§ ASSIGNED TASK: With the pictures removed, write out the data below exactly.

[[ RECORD SET open ]]

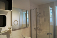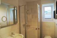 Im gefliesten Bad mit Fenster befinden sich die Dusche, das WC und eine Waschmaschine. Ein Bügelbrett und ein Bügeleisen befinden sich im Abstellraum.
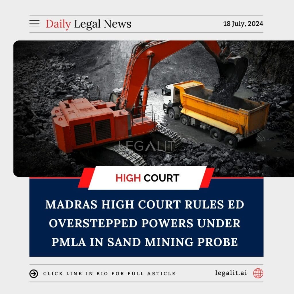 By curbing the ED’s actions, the Madras High Court has highlighted the need for precise and transparent legal processes, particularly in cases involving significant economic and environmental concerns like illegal sand mining. This decision is a reminder of the checks and balances within the judicial system to prevent misuse of investigative powers.
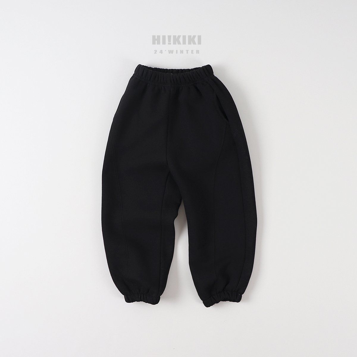 韓國 HIKIKI - (內磨毛)鬆緊腰線條感縮口休閒褲-黑
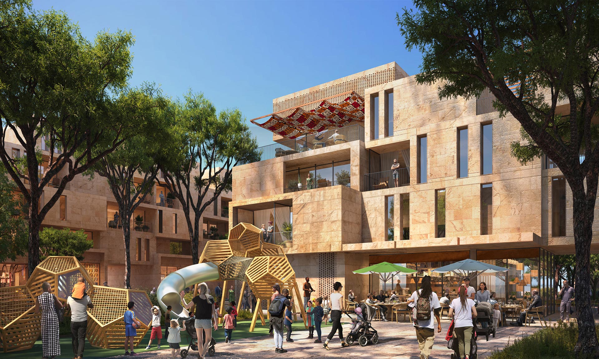 „Tři nové pulzující čtvrti – na severu, západě a jihu letiště – jsou propojeny zelenou smyčkou a oživeny okolím masterplanu. Výšková obchodní a kulturní čtvrť na severu navazuje na centrum Luandy, zatímco nízkopodlažní čtvrť výzkumu a inovací na západě navazuje na stávající obytnou čtvrť. Na jižní straně areálu se nachází čtvrť zaměřená na pohostinství, která nabízí řadu nových resortů, hotelů, vil a sportovních zařízení s výhledem na sousední národní park Quisama. Tato luxusní destinace umožňuje návštěvníkům okamžitě se ponořit do nádherné přírodní krajiny země, aniž by museli přestupovat na let z nového letiště ve městě,“ uvádí k projektu architekti.
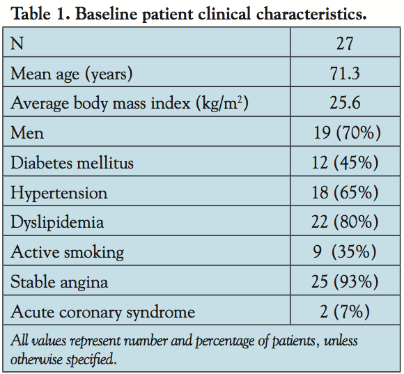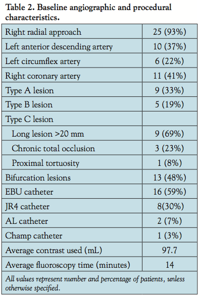 were encountered in 48% of cases and included lesions containing long disease segments ≥20 mm, chronic total occlusions, or tortuosity of the proximal vessel segment. The average amount of contrast used was 97.7 mL while the average fluoroscopy time was 14 minutes. There was no difficulty in stent deployment and no cases required stent withdrawal. Clinical outcomes including RAO are shown in Table 3. There were no procedure-related complications, such as guide catheter
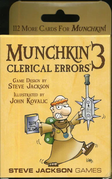 MUNCHKIN 3 - CLERICAL ERRORS (Expansion 112 kort) ''You wanted more Munchkin, so here it is! Created by Steve Jackson and illustrated by John Kovalic . . . Munchkin 3 - Clerical Errors has 112 more cards for the best-selling game of killing monsters and taking their stuff. Play a new race: Gnomes! Try on the Bard class. Face the Tequila Mockingbird, the Bad Ass, and the dreaded Auntie Paladin! Equip yourself with amazing items like the Chainmail Bikini and the Stab-A-Matic . . . and show them who's the mightiest, munchkinest dungeon delver of them all. And this set has a special treat. We asked five of our favorite Comic Guys to do one card each. So in this set you'll find: Phil Foglio's Magnificent Hat Pete Abrams' Perfectly Ordinary Rabbit Tom Ricket' s Stick Figure Jon Rosenberg's Fowl Fiend and Randy Milholland's Redneck Tree!''
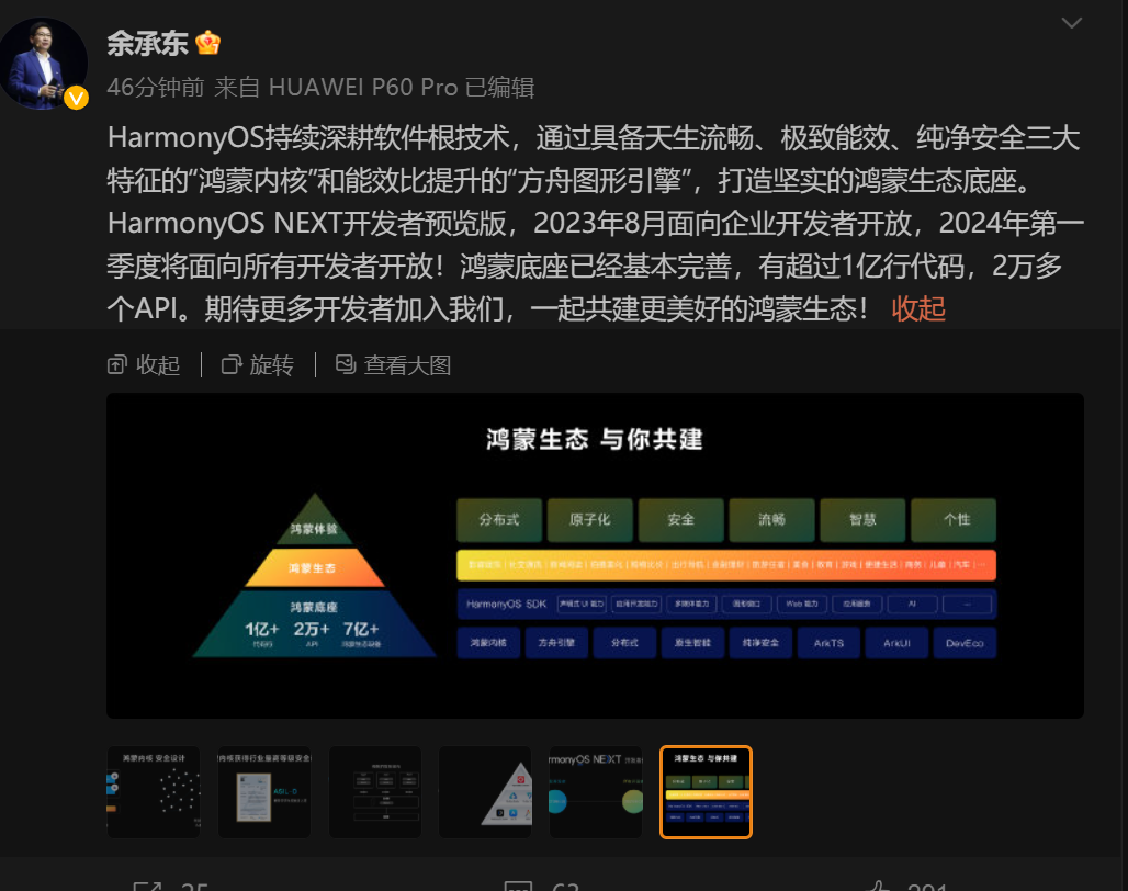 在今天下午的HDC开发者大会上,华为推出了HarmonyOS 4.0系统,并且已经开始推送,不过华为还预告了更重要的升级——HarmonyOS NEXT开发者预览版,看名字就知道是下一代鸿蒙系统了。HarmonyOS NEXT开发者预览版系统的具体技术信息没有明确,华为官微及华为常务董事、终端BG CEO、智能汽车解决方案BU CEO余承东也都表示是8月份开始面向企业开发者推送,2024年第一季度向所有开发者开放。

[[ RECORD SET closed ]]

§ WRITTEN ANSWER:
 Im gefliesten Bad mit Fenster befinden sich die Dusche, das WC und eine Waschmaschine. Ein Bügelbrett und ein Bügeleisen befinden sich im Abstellraum.
 By curbing the ED’s actions, the Madras High Court has highlighted the need for precise and transparent legal processes, particularly in cases involving significant economic and environmental concerns like illegal sand mining. This decision is a reminder of the checks and balances within the judicial system to prevent misuse of investigative powers.
 韓國 HIKIKI - (內磨毛)鬆緊腰線條感縮口休閒褲-黑
 „Tři nové pulzující čtvrti – na severu, západě a jihu letiště – jsou propojeny zelenou smyčkou a oživeny okolím masterplanu. Výšková obchodní a kulturní čtvrť na severu navazuje na centrum Luandy, zatímco nízkopodlažní čtvrť výzkumu a inovací na západě navazuje na stávající obytnou čtvrť. Na jižní straně areálu se nachází čtvrť zaměřená na pohostinství, která nabízí řadu nových resortů, hotelů, vil a sportovních zařízení s výhledem na sousední národní park Quisama. Tato luxusní destinace umožňuje návštěvníkům okamžitě se ponořit do nádherné přírodní krajiny země, aniž by museli přestupovat na let z nového letiště ve městě,“ uvádí k projektu architekti.
 were encountered in 48% of cases and included lesions containing long disease segments ≥20 mm, chronic total occlusions, or tortuosity of the proximal vessel segment. The average amount of contrast used was 97.7 mL while the average fluoroscopy time was 14 minutes. There was no difficulty in stent deployment and no cases required stent withdrawal. Clinical outcomes including RAO are shown in Table 3. There were no procedure-related complications, such as guide catheter
 MUNCHKIN 3 - CLERICAL ERRORS (Expansion 112 kort) ''You wanted more Munchkin, so here it is! Created by Steve Jackson and illustrated by John Kovalic . . . Munchkin 3 - Clerical Errors has 112 more cards for the best-selling game of killing monsters and taking their stuff. Play a new race: Gnomes! Try on the Bard class. Face the Tequila Mockingbird, the Bad Ass, and the dreaded Auntie Paladin! Equip yourself with amazing items like the Chainmail Bikini and the Stab-A-Matic . . . and show them who's the mightiest, munchkinest dungeon delver of them all. And this set has a special treat. We asked five of our favorite Comic Guys to do one card each. So in this set you'll find: Phil Foglio's Magnificent Hat Pete Abrams' Perfectly Ordinary Rabbit Tom Ricket' s Stick Figure Jon Rosenberg's Fowl Fiend and Randy Milholland's Redneck Tree!''
 在今天下午的HDC开发者大会上,华为推出了HarmonyOS 4.0系统,并且已经开始推送,不过华为还预告了更重要的升级——HarmonyOS NEXT开发者预览版,看名字就知道是下一代鸿蒙系统了。HarmonyOS NEXT开发者预览版系统的具体技术信息没有明确,华为官微及华为常务董事、终端BG CEO、智能汽车解决方案BU CEO余承东也都表示是8月份开始面向企业开发者推送,2024年第一季度向所有开发者开放。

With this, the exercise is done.